Many security governance issues may already be met by keeping data in a compliant environment or accredited container, but agencies still need to pinpoint any rules that remain unaddressed. Finally, they should determine required controls based on standard frameworks—for example, the National Institute of Standards and Technology—and best practices from leading security organizations. One large governmental agency was struggling with the security and sharing requirements for its more than 150 data sources and specialized applications. It did not have agency-level security procedures tailored for such a complex, role-based environment where dozens of combinations of roles and restrictions could exist. To resolve this issue, leaders developed a comprehensive enterprise data strategy with use case–level security requirements, dramatically simplifying the target architecture and application stack. The agency is currently executing a multiyear implementation road map.
These important governance and security responsibilities must be paired with a strong bias toward impact. Most public-sector agencies have found that legacy waterfall-development life cycles and certification and accreditation processes are incompatible with AI projects. Agile approaches to development—from scrum-based methods of leading development efforts to fully mature DevSecOps approaches to continuous delivery—are central to ensuring that process and culture are also AI ready. While this change is often slow, decelerated by risk-averse cultures and long-established policies, it is a critical element in AI success stories.
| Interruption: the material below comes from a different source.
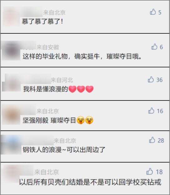 毕业生能收到钻石毕业礼物,令人羡慕,网友纷纷为学校及科研团队点赞:
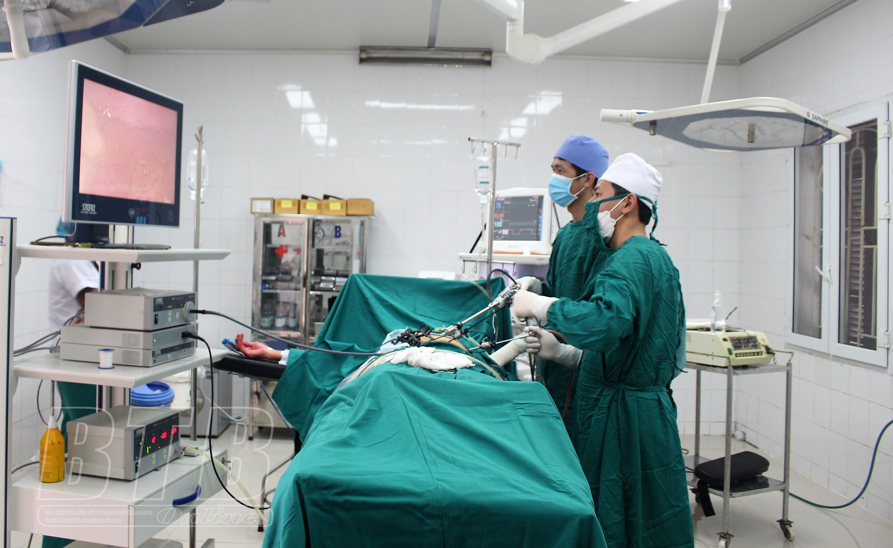 Các bác sĩ Bệnh viện Đa khoa huyện Kiến Xương phẫu thuật nội soi cho người bệnh.

By adopting a mission-based data strategy, governments can avoid many common roadblocks and immediately focus their technical talent, knowledge, and limited budgets on the subset of data needed for prioritized use cases. This strategy avoids creating data and tool capabilities without a plan. The iterative process—translating mission priorities into requirements and data engineering tasks, generating AI-ready data, and translating data into insights—keeps investments focused and maximizes their impact.